Rebellion against liberal democracy currently takes place under the guise of conservatism. But once conservatives and reactionaries dare announce that Solzhenitsyn shares their ideas he will "excommunicate" them from his sect, even anathematize them (suffice it to recall his attitude to the last of the Romanovs and all monarchist projects). The Communists in Russia may have counted on Solzhenitsyn as an ally at first, but got only Govorukhin, a person worthy of only a brief screen biography bereft of talent and a petty political careerist.

Hardly any of our contemporaries could withstand Solzhenitsyn's tempestuous all-embracing rebellion whose genealogy reaches back through the mist of national and world epochs when people tended to come out with rash, totally unreal alternatives to the reality surrounding them. The Russian revolution emerged as a local manifestation of that trend, no more and no less.

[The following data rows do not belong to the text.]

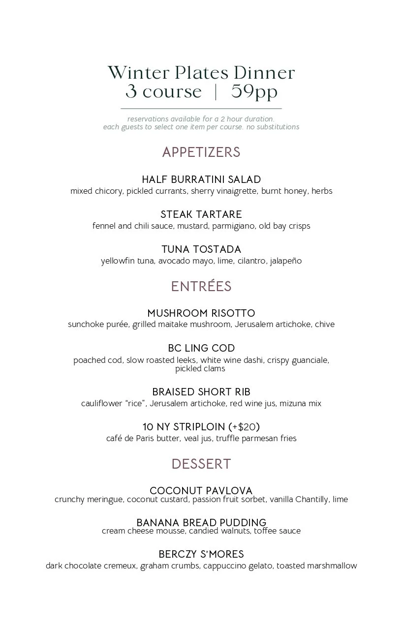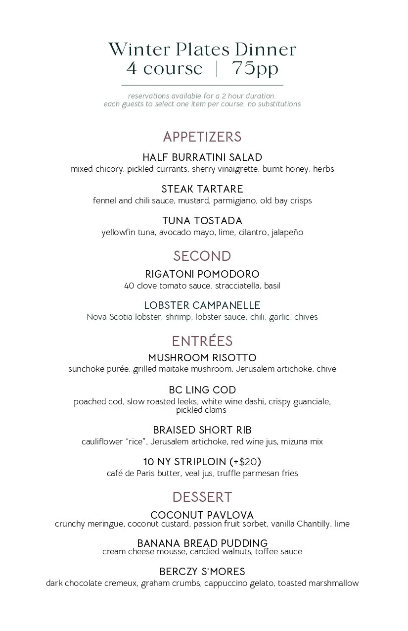 The Berczy Tavern unveils our yearly Winter Plates. A limited-time signature menu designed for those who appreciate the simple art of food.
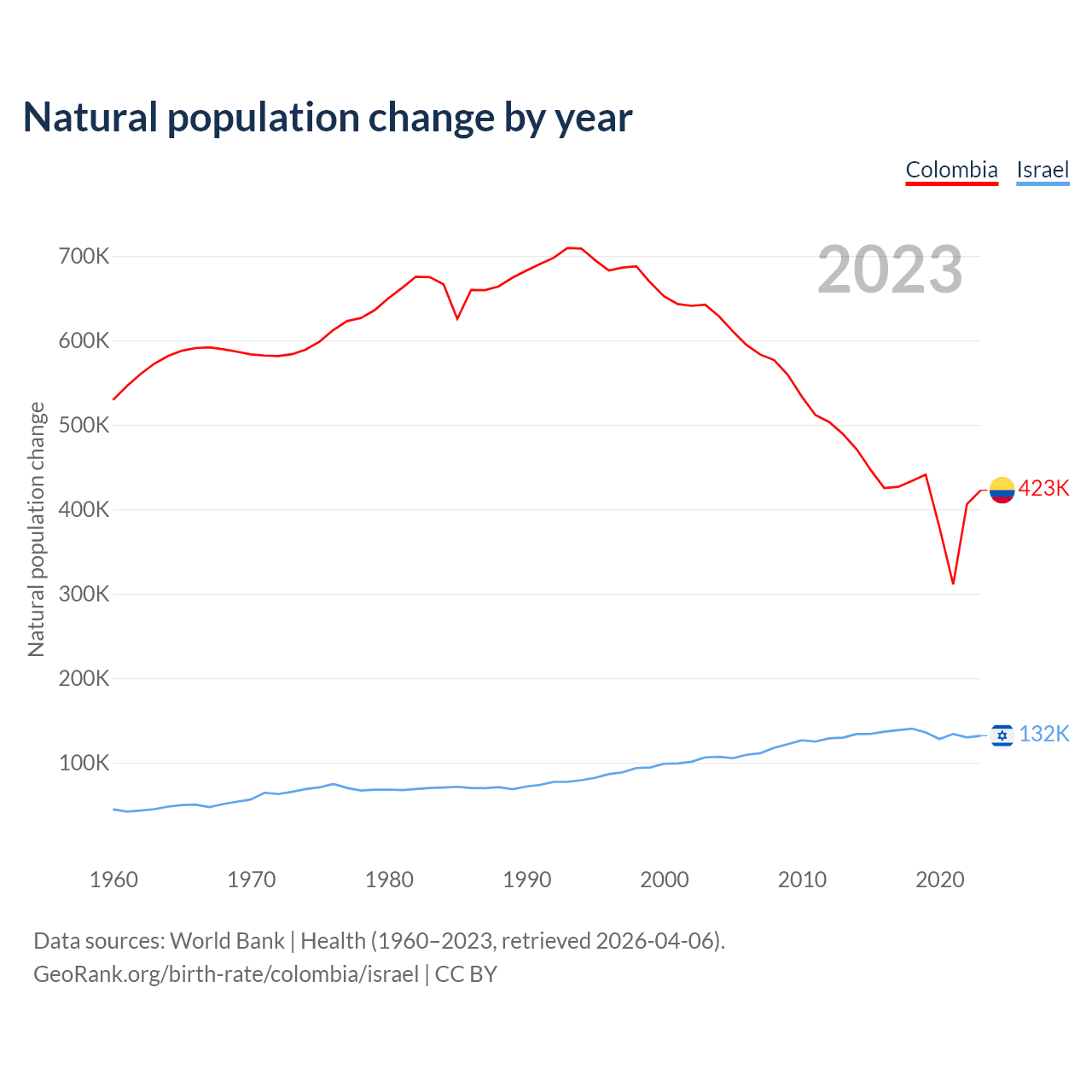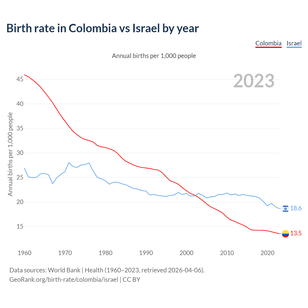 According to the latest available data on birth rates, the fertility rate in Colombia was 1.65 children per woman in 2023, compared to 2.85 in Israel in 2023. The replacement level is considered to be 2.1 children per woman.
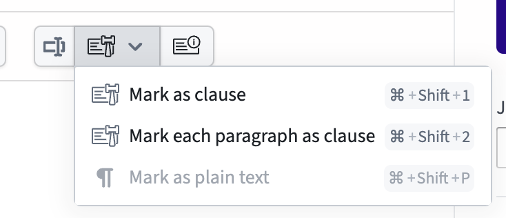 If you wish to automatically mark up large parts of a document (or the entire document) as Clauses, you're able to do this by selecting "Mark each paragraph as clause".

Yet, there is one thing about this rebellion that is precious in our bloodstained century, something that obviously links Solzhenitsyn to Tolstoy: human life can by no means be thrown on the altar of some rebellious goals or another. Man can only be regarded as an end, not as a means.

Now this is a revolution as such against revolution that never bothered to think of the value of human life. Count Leo Tolstoy argued with Russian revolutionaries as heatedly as he did with the Romanovs. Aleksandr Solzhenitsyn in his attacks on modern civilization has gone and still goes to extremes and paradoxes that simply do not fit in with the pattern of our modern mentality, shell-shocked by history as it is. However, the revolutionary's final argument, violence, is carried beyond the margins of history. In the heat of the Chechnya War this "imperialist-imperiophile" said that if the Chechens wanted out, well, let them. Get fifty cottages ready for foreign embassies in Grozny, but then leave Russia bloody well alone, too.

Ukrainian patriots, especially those recently surfaced on the wave-crest of history, form a rich assortment of literary Ukrainophobia. Should one protect Solzhenitsyn from them? Should one remind that this "Ukrainophobe" was the first to portray a touching image of a Ukrainian peasant serving under Bandera's banners in one of his samizdat writings? That he constantly stresses his half-Ukrainian parentage? The trouble is that the writer's constant rebellion reduces to dust, in passing, everything that is a strategic obstacle in the road of Ukrainian self-assertion - and any other self-assertion, for that matter.

In the twilight of his mediocre literary career the Russian poet Benediktov wrote a "long line": "The world fought the serpent's venomous might ..." I don't know about the world, but Aleksandr Solzhenitsyn indeed fights the Beast.